Journalists in Washington spend most of their time focusing on warfare between Democrats and Republicans. There's a good reason for that: in the dysfunctional capital city of 2007, warfare is what they do best.
But in the unlikely arena of tax policy, there's an emerging point of consensus that may prove consequential in the 2008 campaign as well as in the next administration. It is the desirability of cutting corporate tax rates.
The Bush administration has been emphasizing this theme for weeks, hoping to reclaim control of the tax-and-spending issues from Democrats in Congress and the 2008 presidential campaign.
But Democrats haven't played along. Rep. Charlie Rangel of New York, chairman of the Ways and Means Committee, has himself proposed a cut in the top corporate rate to 30.5 percent from 35 percent as part of a broader package for replacing the alternative minimum tax.

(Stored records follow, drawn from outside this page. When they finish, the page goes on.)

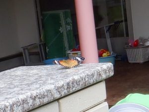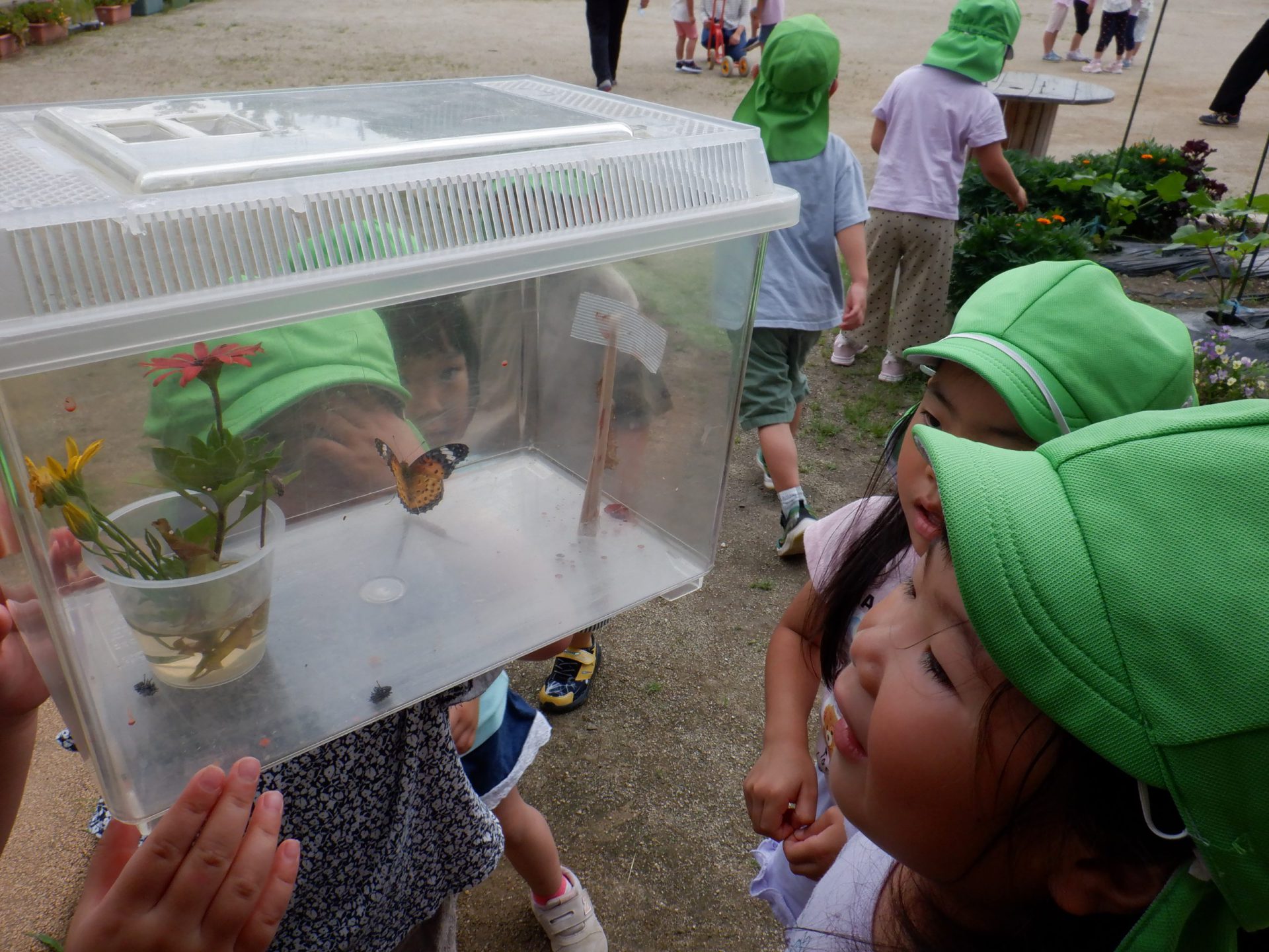 生き物が苦手な子もツマグロヒョウモンの飼育をきっかけに興味を持ち、園庭で生き物を見つけると「飼いたい!」と積極的にかかわる子が多くみられるようになりました。現在は、花壇にいたツマグロヒョウモン2匹とテラスに迷い込んだコクワガタ1匹を大切に育てています。飼育や別れの経験を通して,命の大切さについても少しずつ考えていけるようになるといいなと願っています。
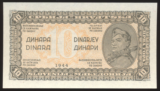YUGOSLAVIA P.50 1944 10 Dinar UNC
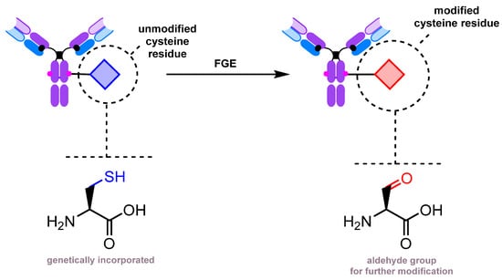 Another strategy involves the enzymatic conversion of cysteine residues to formylglycine (Figure 14). It has been employed for modifying antibodies [213,214,215] and Fc fragments [216].
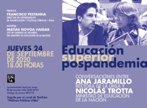 El Departamento de Planificación y Políticas Públicas de la Universidad Nacional de Lanús (UNLa) organizará conversatorio sobre la educación superior pospandemia, con la participación del Ministro de Educación de la Nación, Nicolás Trotta, y la rectora de la UNLa, Ana Jaramillo.
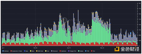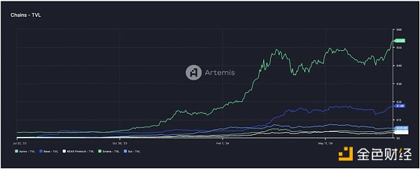 Solana 在 Defi 領(lǐng)域的 TVL 也進(jìn)展顯著,其 TVL 已經(jīng)創(chuàng)下歷史新高,并且與其它公鏈相比也有一大段距離,但是值得注意的是 Base 也處于高速成長(zhǎng)的階段。
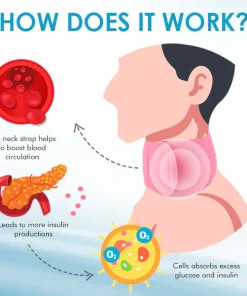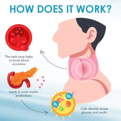 The SugarDown™ Treatment Neck Strap works by targeting specific acupuncture points in the neck that are known to stimulate the pancreas to produce more insulin and increase the sensitivity of cells to insulin. The acupuncture points targeted by the neck strap are located near the thyroid gland, and when stimulated, can have a positive effect on glucose metabolism.
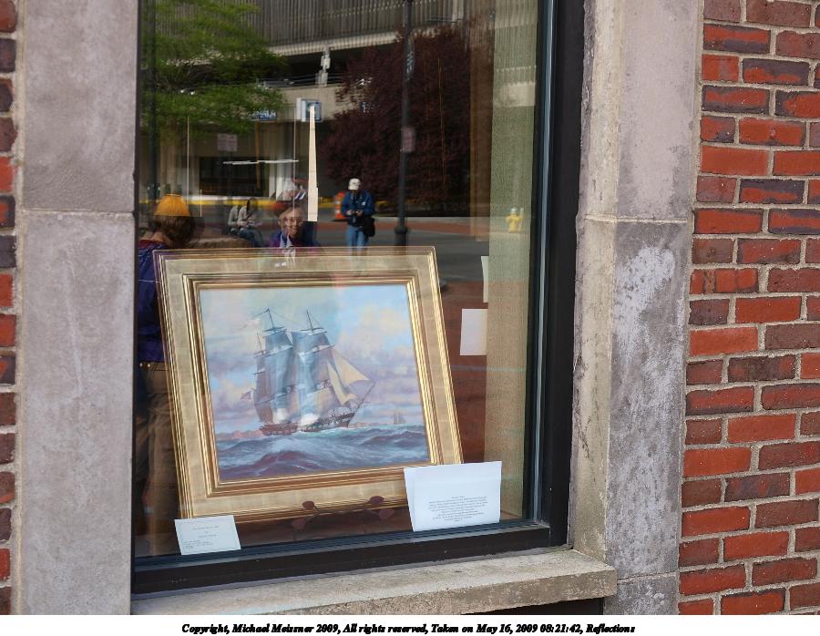 Picture #39: Reflections #6 Thumb: 450x338, 68,385 bytes (67K) Small: 900x698, 132,521 bytes (130K), (html file) Copyright, Michael Meissner 2009, All rights reserved Olympus E-3 camera with Olympus 14-54mm f/2.8-3.5 lens f/3.5, ISO 100, 1/100 sec, 41.0mm, auto mode, natural color, matrix metering, IS1 (All Direction Shake IS) 35mm equivalent focal length 82.0mm Programs used: gimp Taken by Michael Meissner on May 16, 2009 08:44:53 Last modified on May 22, 2009 at 08:44 |
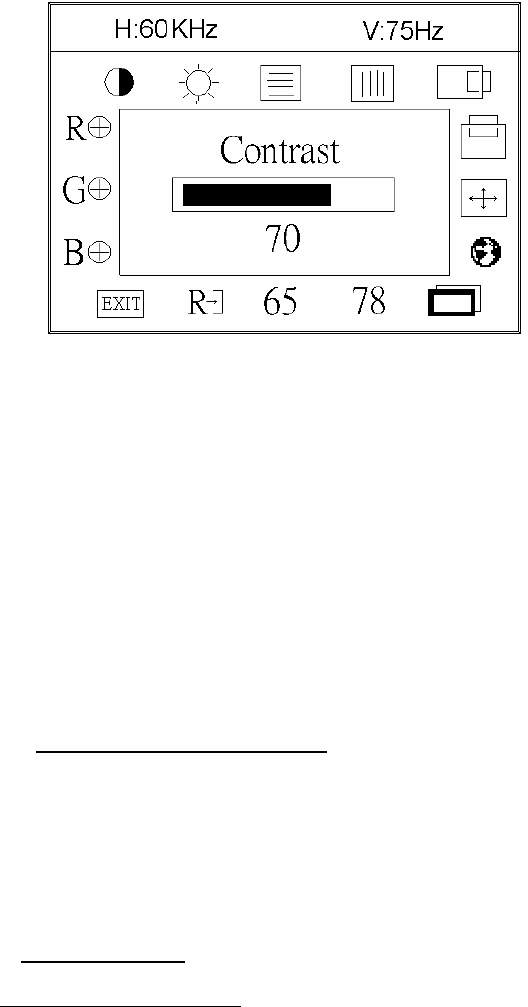 Contrast, Brightness, Focus, Clock,H-position, V-position, Language, Recall-7800, Recall-6500, Reset,

Does this mean a deal is in the works? not anytime soon; Bush lacks the votes in Congress to push through any administration-friendly tax overhaul plan, and Democrats lack the votes to override his veto.
But expect to hear lots of talk about this over the next 12 months because it suits the interests of both sides. Republican want an old wedge issue back, and Democrats want to show they are business-friendly and attuned to America's competitiveness in the global economy. And by the time we have a new president--of either party--it might actually be time for some action.